Integrating the first term is straightforward but I suspect people may have trouble integrating the second term so let's look in more detail how we do that:

#intxln(x^2-1)dx#

We could try the substitution: #u=x^2-1#.
We then have that: #du=2x dx#

We can then apply the substitution to obtain:

#int1/2ln(u)du=1/2intln(u)#

Now to find the integral of #ln(u)# you can either read the information from a table of standard integrals or use integration by parts.

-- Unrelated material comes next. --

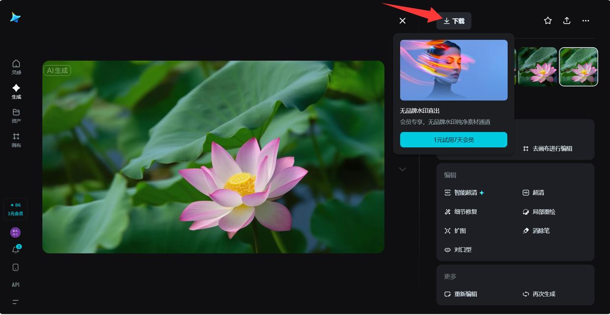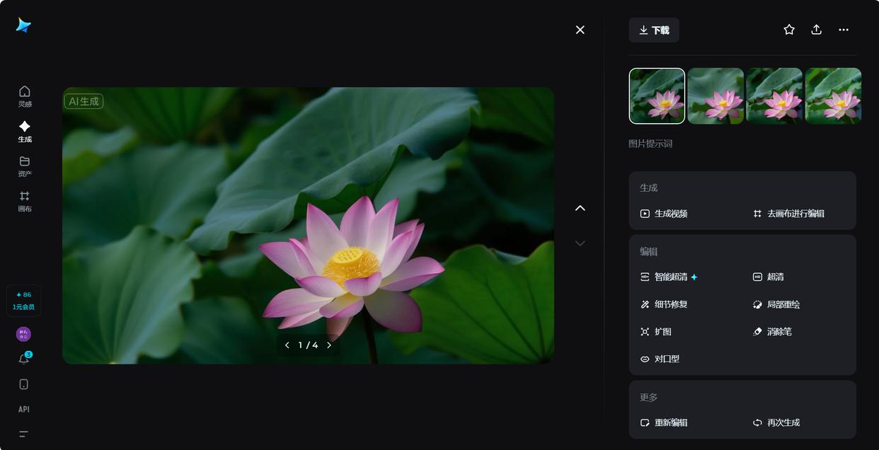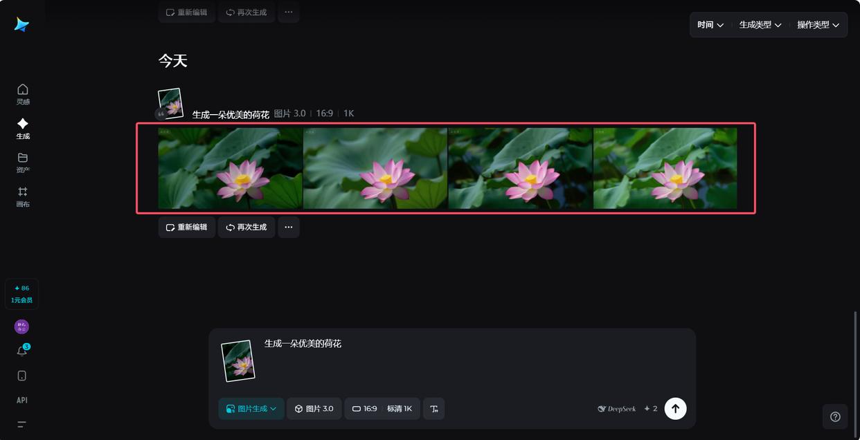 在對(duì)話框中輸入【提示詞】,再點(diǎn)擊右下角的生成按鈕,等待片刻,即夢(mèng)AI就幫我們生成好了4張荷花圖片。

To use integration by parts: although it is only one function the trick is to multiply #ln(u)# by #1# and then take#1# as our second function:

#=1/2int1*ln(u)du# Set:

#s = ln(u), s' =1/u#
#t'=1, t=u#

So now using integration by parts gives us:

#1/2u ln(u)-1/2int1 du=1/2(u lnu - u)+C#

Now reverse the substitution of #u# gives us:

#1/2((x^2-1) ln (x^2-1) -(x^2-1))+C=1/2(x^2-1)(ln(x^2-1)-1)+C#

So we have effectively shown that:

#intxln(x^2-1)dx =1/2(x^2-1)(ln(x^2-1)-1)+C #

We can now proceed with the original question stated, that is:

#int_2^4x^2-xln(x^2-1)dx#

Using our integral that we just we found out:

#[x^3/3-1/2(x^2-1)(ln(x^2-1)-1)]_2^4#

Now putting the limits in:

#{(4)^3/3-1/2((4)^2-1)(ln((4)^2-1)-1)}-{(2)^3/3-1/2((2)^2-1)(ln((2)^2-1)-1)}#

#=64/3-15/2ln(15)+15/2-8/3+3/2ln(3)-3/2#

Simplifying:

#=56/3+6+3/2ln(3) - 15/2Log(15)#

#74/3+ln(27/15^15)#

You can either leave this exact value or use a calculator to approximate the solution to #6.00421#.